Our love only grew for each other with every appointment. We decided it was only right for us to tie the knot, so we started looking at venues and I even went dress shopping. We had told our families that we had decided on a date and visited a few places we really liked. Rich and I visited our OBGYN and she assured us that what was found during the anatomy scan was most likely nothing. On August 15th, Rich and I went to the first of many echocardiograms and over 100 images of our baby’s heart were taken. Eventually, we sat down with a pediatric cardiologist and she started to draw a picture of a heart and all the vessels. She started talking about the findings— dilated aorta, dilated pulmonary artery, dilated umbilical vein, PDA, VSD, ASD… and my world fell apart. I was uncontrollable and it all felt like a nightmare. Rich held me all while asking what all of this meant. We were told that our baby most likely had an extremely rare connective tissue disorder (CTD), but it could be a bicuspid value or idiopathic (these two weren’t as likely as CTD). I couldn’t process. I couldn’t get a word out. I cried and cried while Rich kept firing away with questions. We spent hours in the hospital that day, but little did we know this was just the beginning. The cardiologist advised us to consult with genetics and recommended an amniocentesis.

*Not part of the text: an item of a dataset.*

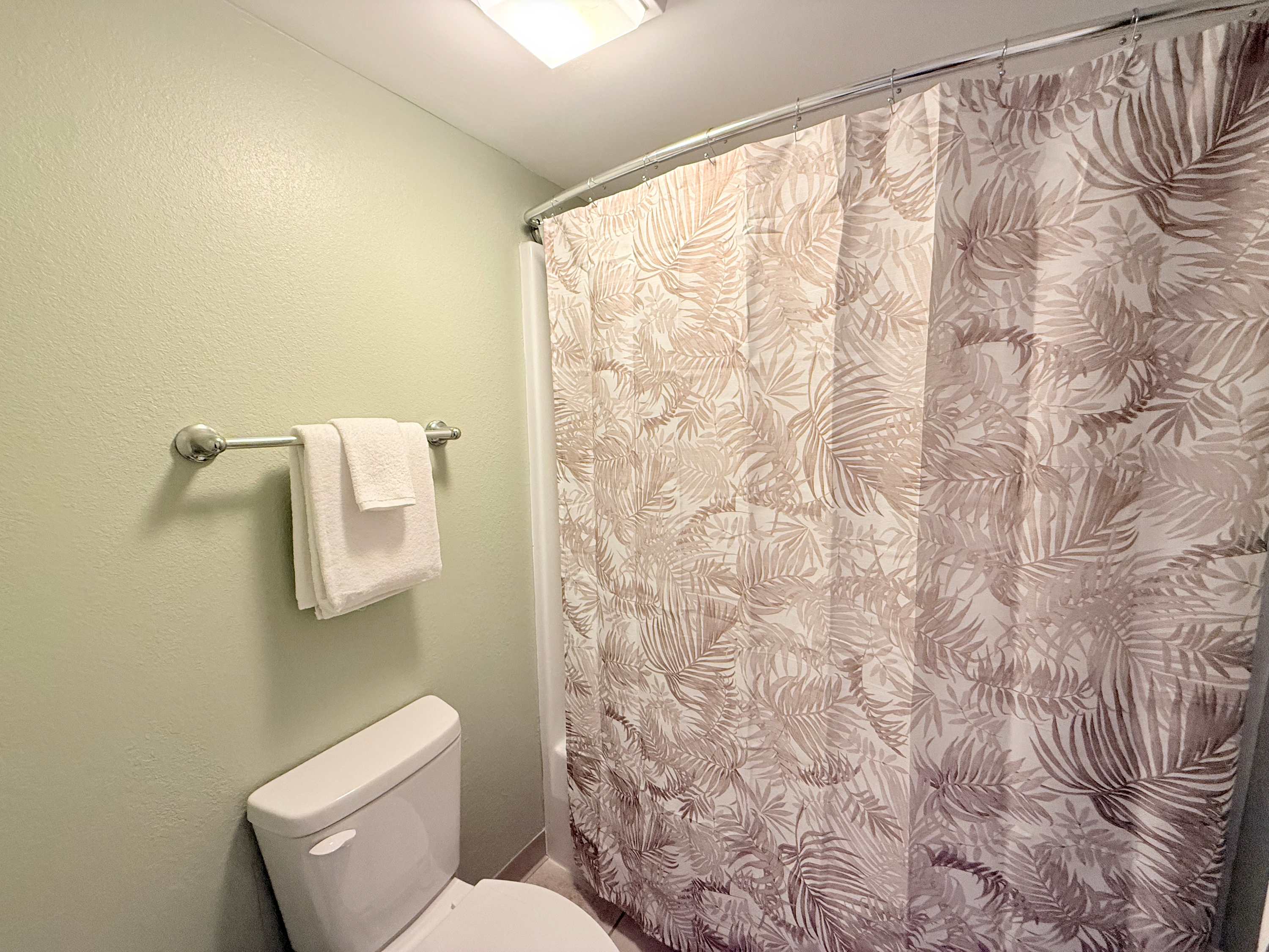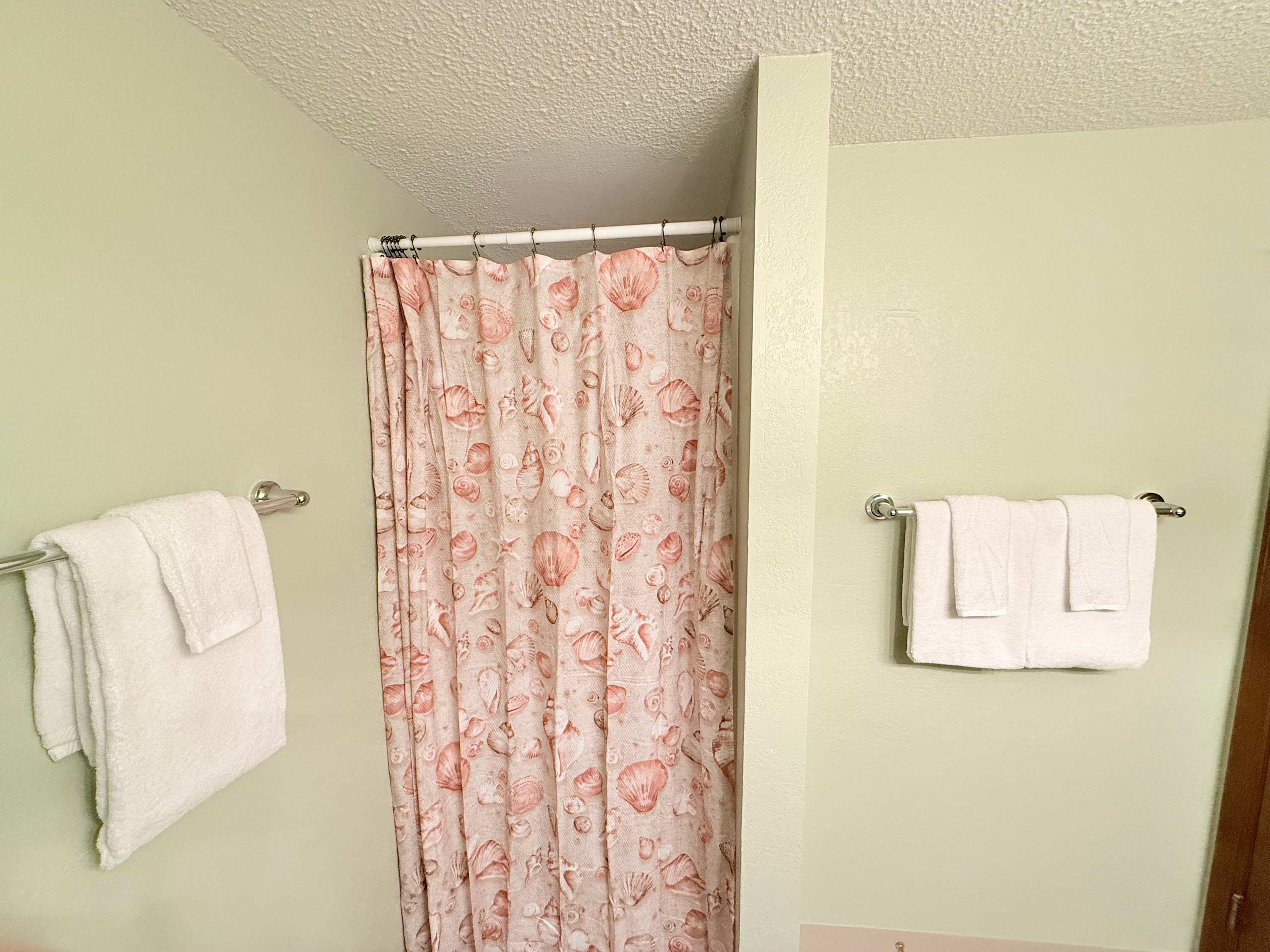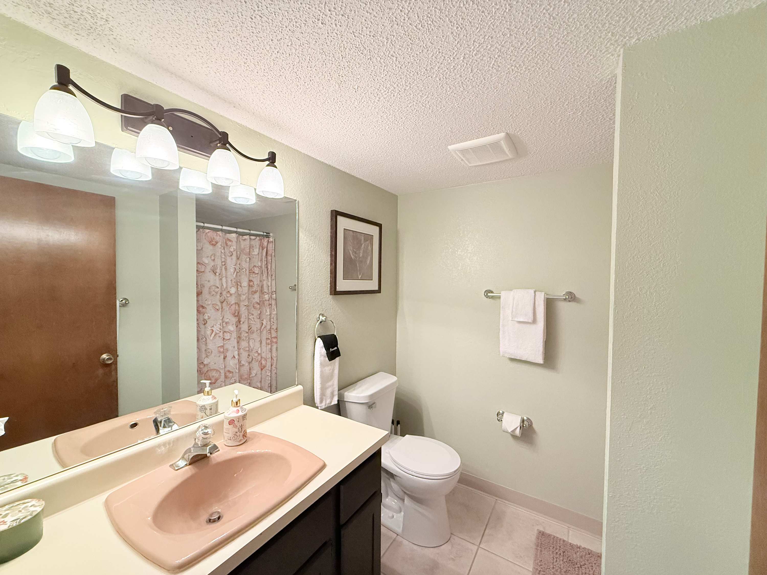Bedroom #1 includes a king size bed, a twin size bed and a twin size rollaway bed, a smart TV, and an ensuite bathroom with a single vanity and a walk-in shower.

A few days later, my mom suggested I go talk to an adult cardiac surgeon she works with. She wanted me to understand what we were getting ourselves into. He sat me down and told me put a lot of thought about keeping my baby. He said he treats adults with heart diseases and the life they live, if any, is very difficult. I broke down and when Rich saw me, he knew I was a mess. The car ride home was quiet and so were the next three weeks. As soon as we got home, we laid in bed and just cried until eventually we both fell asleep.